“We’ve been developing a deep learning algorithm that can automatically detect pneumonia and related findings in chest X-rays,” said Jeremy Irvin, a PhD student at Stanford, and member of the research team. “In this initial study, we’ve demonstrated the algorithm’s potential by validating it on patients in the emergency departments at Intermountain Healthcare. Our hope is that the algorithm can improve the quality of pneumonia care at Intermountain, from improving diagnostic accuracy to reducing time to diagnosis.”
Developed by Intermountain Healthcare and Stanford University, the developed AI system will help to faster and more accurately detect the presence of Pneumonia within a short time span of about 10 seconds; doing this will aid with developing a faster means of treating patients, especially the severely ill patients.

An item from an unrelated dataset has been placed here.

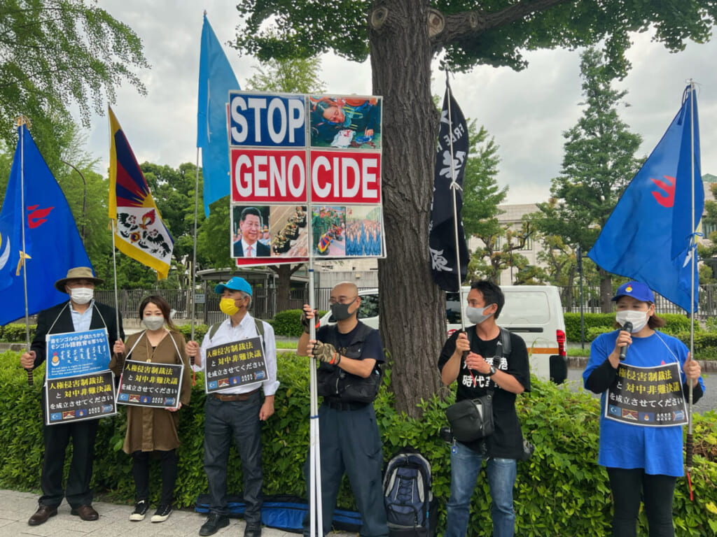 通常国会の会期末が迫る10日、参院での対中非難決議と人権侵害制裁法の成立を求めて東京・永田町の国会議員会館前で集会が行われた。

“CheXpert is going to be faster and as accurate as radiologists viewing the studies. It’s an exciting new way of thinking about diagnosing and treating patients to provide the very best care possible,” said Nathan C. Dean, MD, principal investigator of the study, and section chief of pulmonary and critical care medicine at Intermountain Medical Center in Salt Lake City. For most emergency departments where ePNa is not available, the CheXpert model could provide the information from chest X-rays directly to clinicians. “Using the CheXpert system, we found the interpretation time was very swift and the accuracy of the report to be very high,” he added.
Findings from the collaborative study were presented at the European Respiratory Society’s International Congress 2019, held in Madrid, Spain, this week.
“A 2013 study published in JAMA Internal Medicine found that 59 percent of errors made by ePNA were due to NLP processing of radiologist reports, so we’re eager to replace it with a better, faster system,” Dr. Dean said.